_About this task_
In the listing below, locate the line with "The offset was" and the line with "Epífito, hojas pinnadas.", then output both and everything between them exactly, minus any pictures.

*** Opening of Dataset content ***

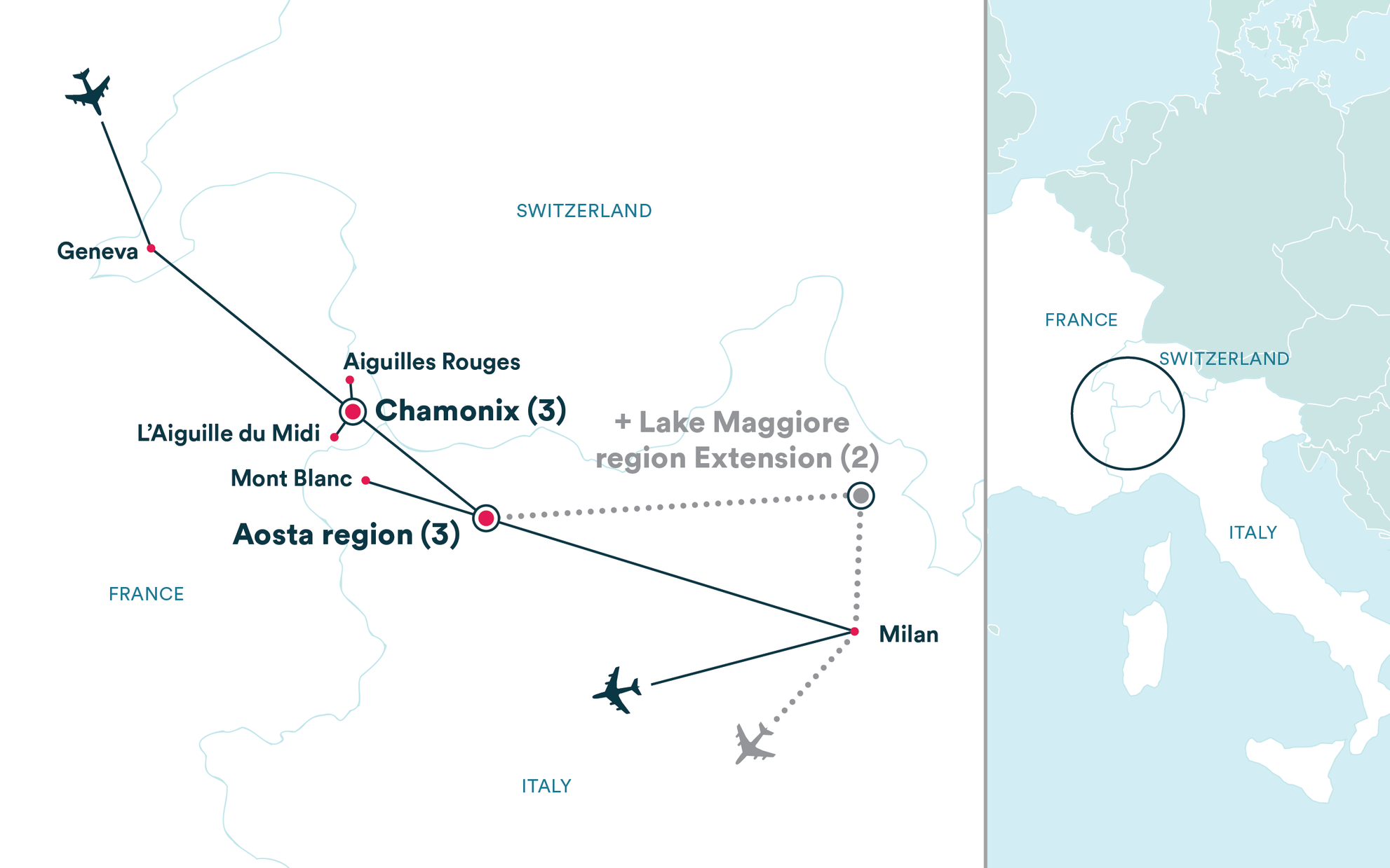 Welcome to the Alps! You’ll touch down in Geneva before transferring to your first hotel in Chamonix, France. This legendary valley—cradled between the towering peaks of the Mont Blanc Massif and the jagged Aiguilles Rouges—is where the very concept of climbing mountains for sport was born, making it the perfect launchpad for your own alpine adventure.
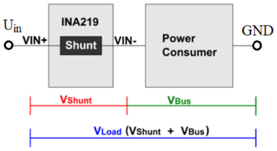 The offset was determined when output port −Vin of the first INA219 was directly connected (without a regulator) to input port +Vin of the second INA219 module, as is shown in Figure 8.
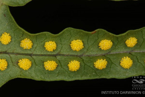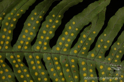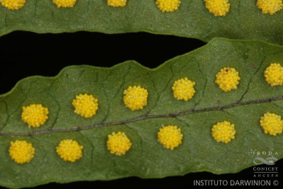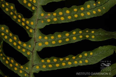 Epífito, hojas pinnadas. Soros circulares amarillos
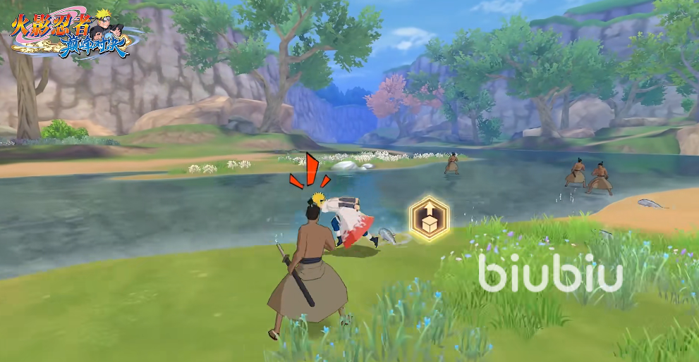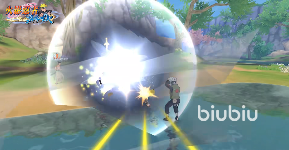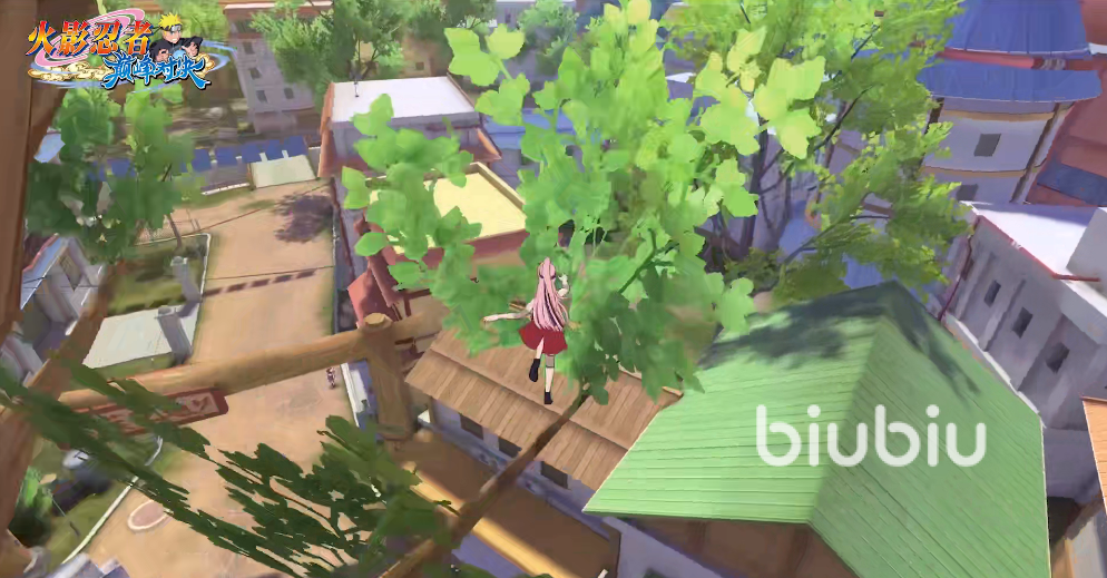 那么再给大家介绍下它的玩法亮点吧,它主要有两个亮点,其中一个就是世界的自由度极高,和其他动漫换皮游戏不同,该游戏中的世界是一个开放的世界,玩家不仅可以体验到原著中的木叶村全貌,还能自由的前往村子周围的池塘和草地漫游。

*** Close of Dataset content ***

_Answer_
 The offset was determined when output port −Vin of the first INA219 was directly connected (without a regulator) to input port +Vin of the second INA219 module, as is shown in Figure 8.
 Epífito, hojas pinnadas. Soros circulares amarillos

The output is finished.